Australians snub 3D TV

Australia’s commercial and pay television broadcasters made attempts to trial 3D television broadcasts during 2010-12.

The trials were claimed to be the “first free-to-air terrestrial 3D TV broadcast anywhere in the world” and included the NRL’s State of Origin.

Despite the limited trials, 3D TV was then shelved by Australian broadcasters. This may have been due in part to focus on the digital television transition, which had started in some regions during the same year.

On a consumer level, 3D technology has not gained traction at home. A 2012 report from the Australian Communications and Media Authority (ACMA) found that 3D was never a key factor in Australians purchasing a new television.

The main factors that drove viewers to buy a new model were: picture quality and viewing experience; a flat or bigger screen; and access to more channels.

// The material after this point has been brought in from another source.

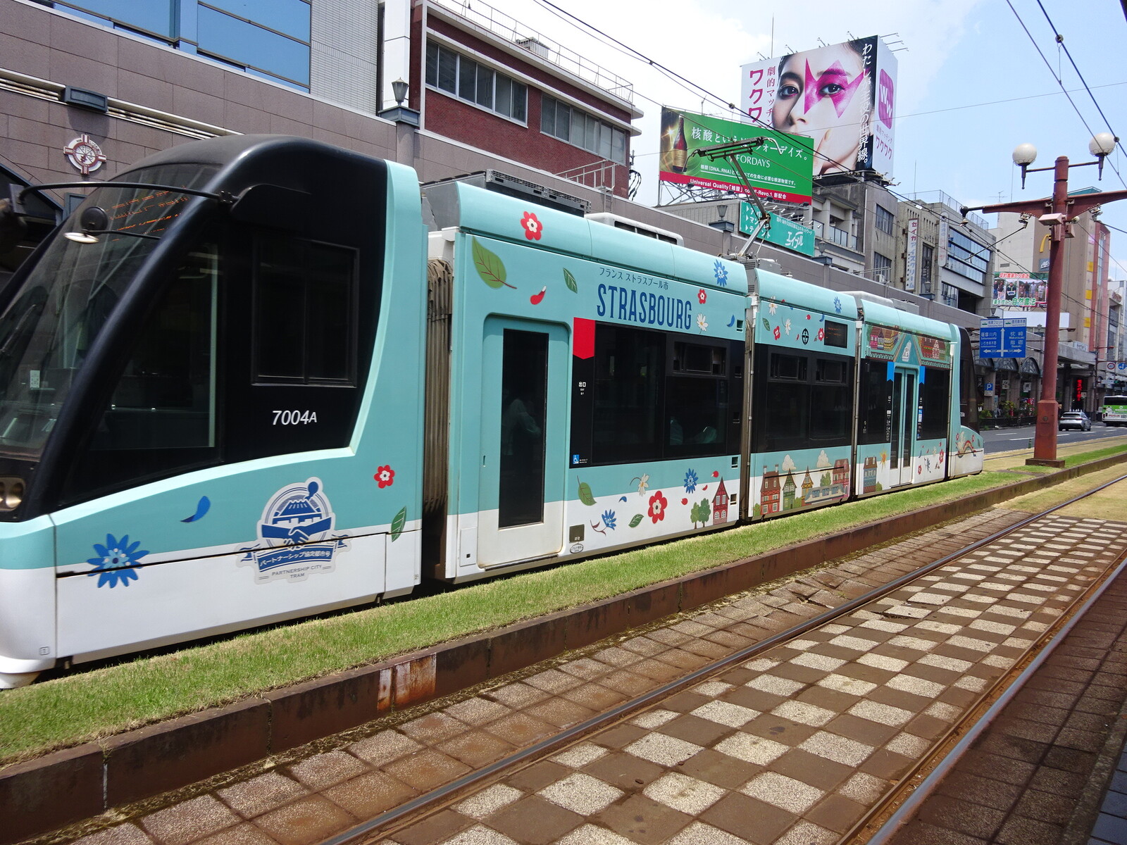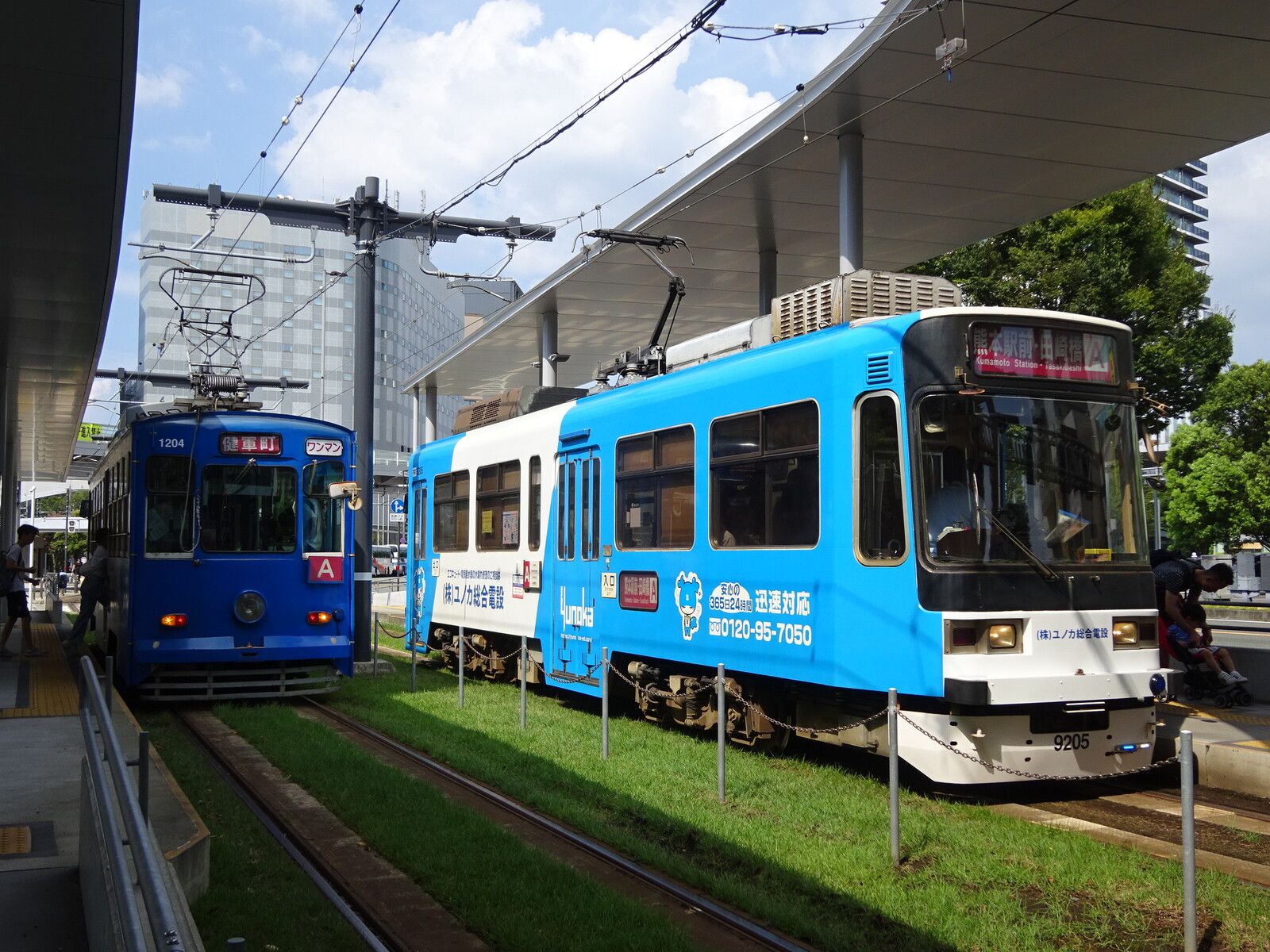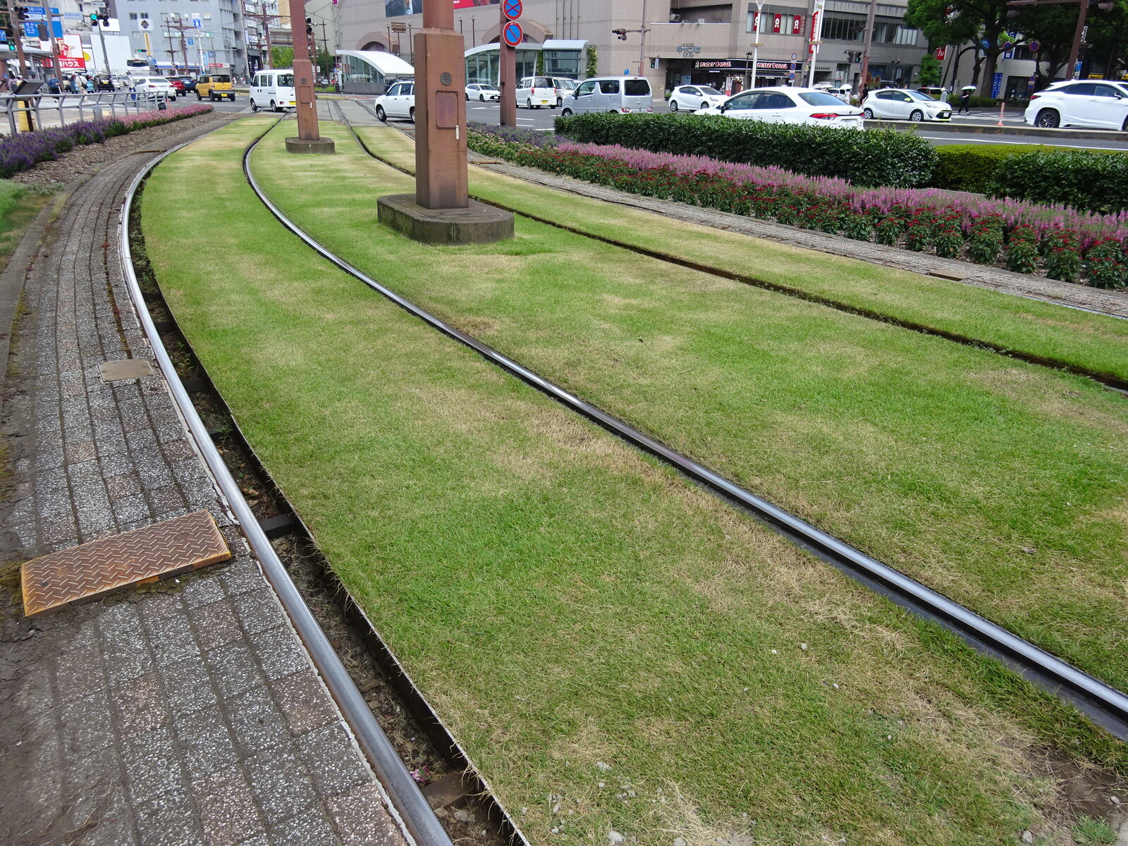 鹿児島の路面電車は、軌道敷に芝が敷かれていたり、架線を軌道敷内のセンターポールにかけていたりして、けっこうアグレッシブに運営している様子が見て取れたよ。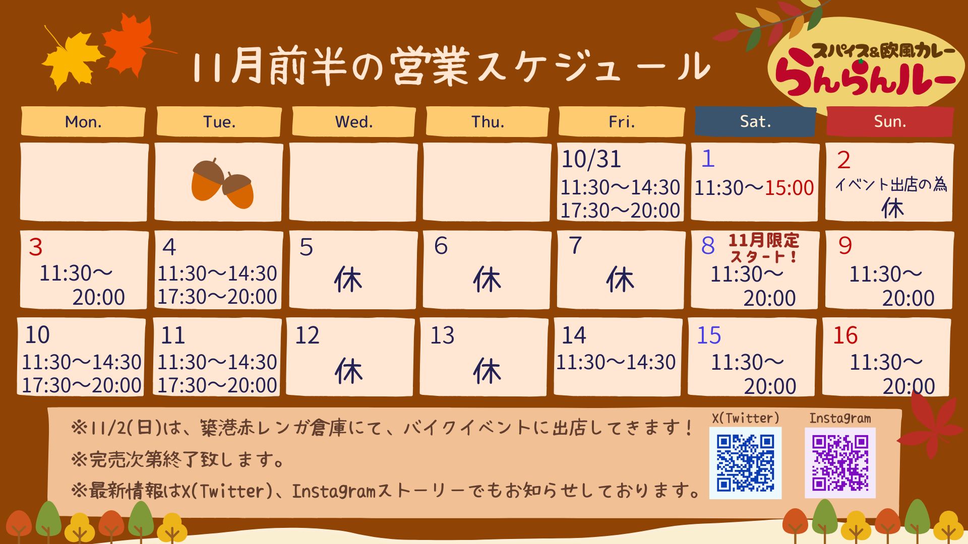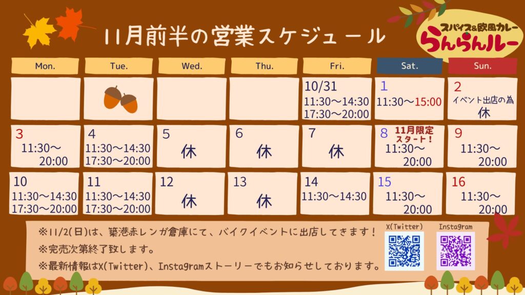 広告 11月前半のスケジュール/イベント出店のお知らせ 広告 2025.10.31 11月前半の営業スケジュールです! 11/2(日)は、築港赤レンガ倉庫にてバイクイベント「CBミーティング」に出店します! ジャンケン大会や、白バイ隊員さんによる講習・白バイ展示などもありますので、バイク好きの方是非♪ 詳細は下記画像をご覧くださいませ。 そのほか営業日も不規則となっておりますので、カレンダーにてご確認の程よろしくお願いいたします(。>人<。) 11月もお待ちしております!

Of viewers surveyed in the ACMA report, 78% said that high definition was very or extremely important in their purchase. Only 16% said 3D capability was a key reason for their purchase.

So with manufacturers withdrawing from 3D TV, is 3D itself dead too?

Will 3D still exist?

3D has had a long and arguably more successful history in cinema. It’s been a go-to for the industry when faced with uncertainties with the introduction of other media, including television and the internet.

As shown in a chart, developed by Sony Professional Education and Knowledge (SPEAK), the first immense 3D film period was during the 1950s when television was being introduced to many countries around the world.

The most recent phase of 3D films dawned in 2009, a trend that some attribute solely to the release of James Cameron’s science-fiction film Avatar.

Despite the success of some 3D films, even Cameron has argued that Hollywood has overused 3D. It has been criticised as little more as a gimmick and a money-making exercise, as 3D tickets are more expensive than those for 2D screenings.

This period of 3D cinema is also beginning to slow as the percentage of films released is 3D declines.

Still, 3D appears to suit a cinema audience more than the home TV, so what could be the next add-on for TV at home?

Could VR and 360-video be the big thing?

The latest technology being discussed in media production is virtual reality (VR) and 360-video.

The highly regarded documentary-maker Sir David Attenborough created a virtual reality experience that was shown at the Australian Museum in Sydney last year, and at the National Museum of Australia this month in Canberra.

But an experience where everyone is wearing headsets is not the best use of a cinema space.

This is just one reason why VR could be an interesting space in which television broadcasters can experiment – perhaps using it as additional content rather than as competition.

The NBA has already trailed 360-video, including games and the recent documentary Follow my Lead.

In Australia, Fox Sports began to experiment last year with the release of Fox Vision. The initial launch was focused on the peak race of the V8 Supercars season.

It allowed the viewer a range of “second screen experiences” via their smartphone, including 360 video hot laps. Fox Sports will expand to other sporting events during the year.

The Seven network also partnered with Samsung to provide VR and 360-video experiences from the Rio Olympics.

But broadcasters should look beyond sport when experimenting with VR and 360-video. It could be added to many other types of TV program in Australia.

A key benefit is that it does not require you to buy a new TV. Instead, you can use a smartphone, which 84% of Australians already have.

It would further engage with the audience rather than completely take them away from the television screen. Reality programs particularly come to mind, a key battle ground for commercial broadcasters in Australia.

For example, Ten could allow its audience 360 access to the I’m a Celebrity Get Me Out of Here jungle. Sit in the lounge room with Wayne and Tom on GoggleBox, or be in the centre of the trials for Survivor.

Maybe Seven could allow a 360 view of the My Kitchen Rules table or Nine could allow the audience to be one of the guests at a Married at First Sight wedding.

So during a year where the battle for ratings is focused upon a sports and reality program lineup, 360 video maybe a go-to for Australian broadcasters.